** Opening RECORDS block **

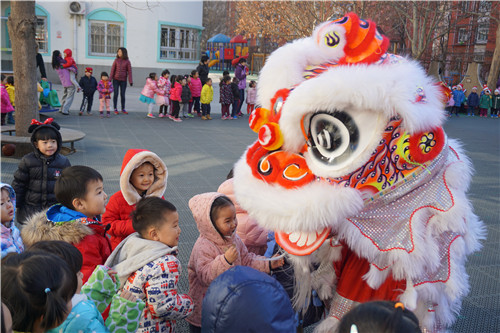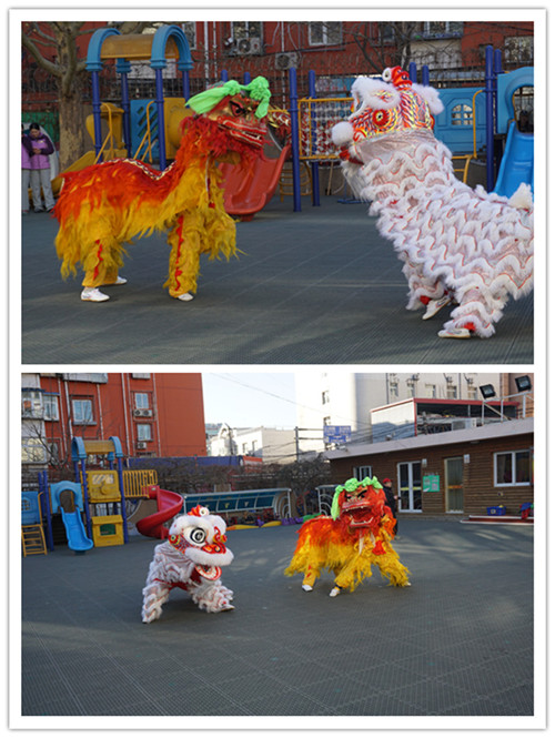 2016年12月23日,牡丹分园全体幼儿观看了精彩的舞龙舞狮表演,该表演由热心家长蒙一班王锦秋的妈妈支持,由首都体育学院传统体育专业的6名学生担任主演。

** Closing RECORDS block **
** Opening RECORDS block **

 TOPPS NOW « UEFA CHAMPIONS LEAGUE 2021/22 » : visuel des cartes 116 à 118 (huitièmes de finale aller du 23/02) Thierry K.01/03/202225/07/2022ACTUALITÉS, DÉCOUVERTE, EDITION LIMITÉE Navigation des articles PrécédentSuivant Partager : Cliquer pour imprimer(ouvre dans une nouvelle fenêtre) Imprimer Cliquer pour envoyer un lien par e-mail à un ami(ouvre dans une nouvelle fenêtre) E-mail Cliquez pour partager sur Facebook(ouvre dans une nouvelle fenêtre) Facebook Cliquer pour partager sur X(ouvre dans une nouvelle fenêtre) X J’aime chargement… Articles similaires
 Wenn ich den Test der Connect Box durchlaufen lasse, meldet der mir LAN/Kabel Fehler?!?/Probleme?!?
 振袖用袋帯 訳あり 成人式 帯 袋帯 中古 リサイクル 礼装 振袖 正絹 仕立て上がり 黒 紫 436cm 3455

** Closing RECORDS block **
** Opening RECORDS block **

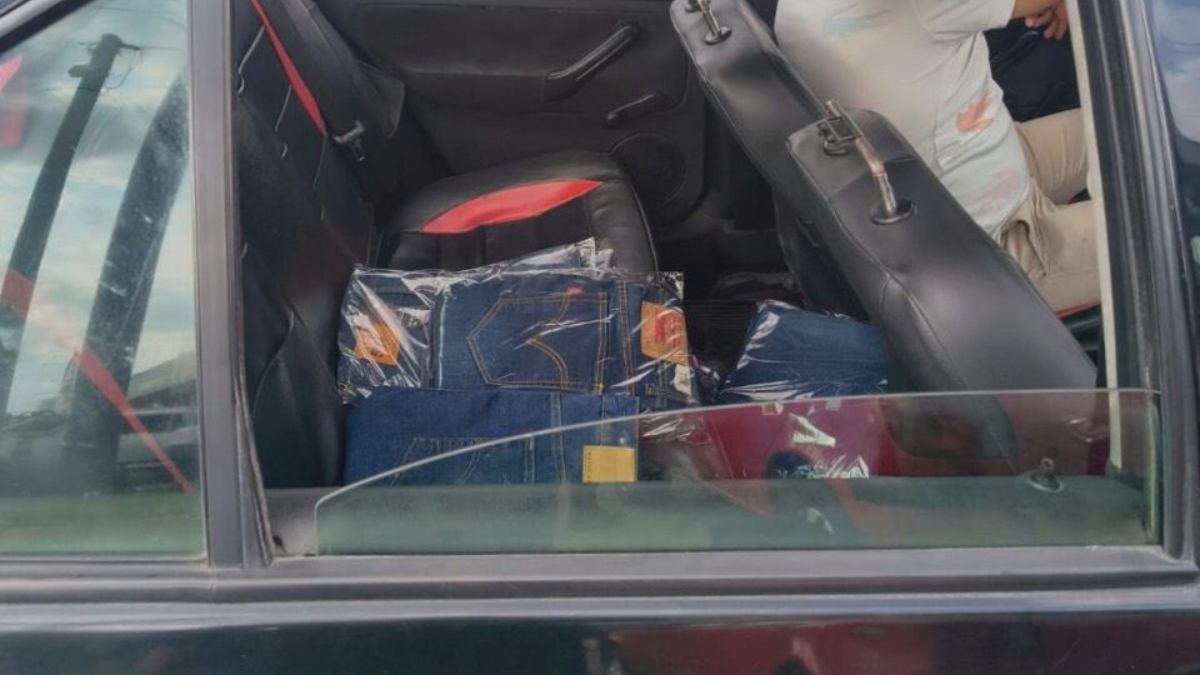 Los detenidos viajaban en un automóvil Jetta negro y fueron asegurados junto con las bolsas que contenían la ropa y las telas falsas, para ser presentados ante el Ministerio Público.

** Closing RECORDS block **

** WORK ITEM **
The required output is the stretch of entries above from the line containing "Wenn ich den" through the line containing "振袖用袋帯 訳あり 成人式", reproduced exactly.

** RESPONSE BOX **
 Wenn ich den Test der Connect Box durchlaufen lasse, meldet der mir LAN/Kabel Fehler?!?/Probleme?!?
 振袖用袋帯 訳あり 成人式 帯 袋帯 中古 リサイクル 礼装 振袖 正絹 仕立て上がり 黒 紫 436cm 3455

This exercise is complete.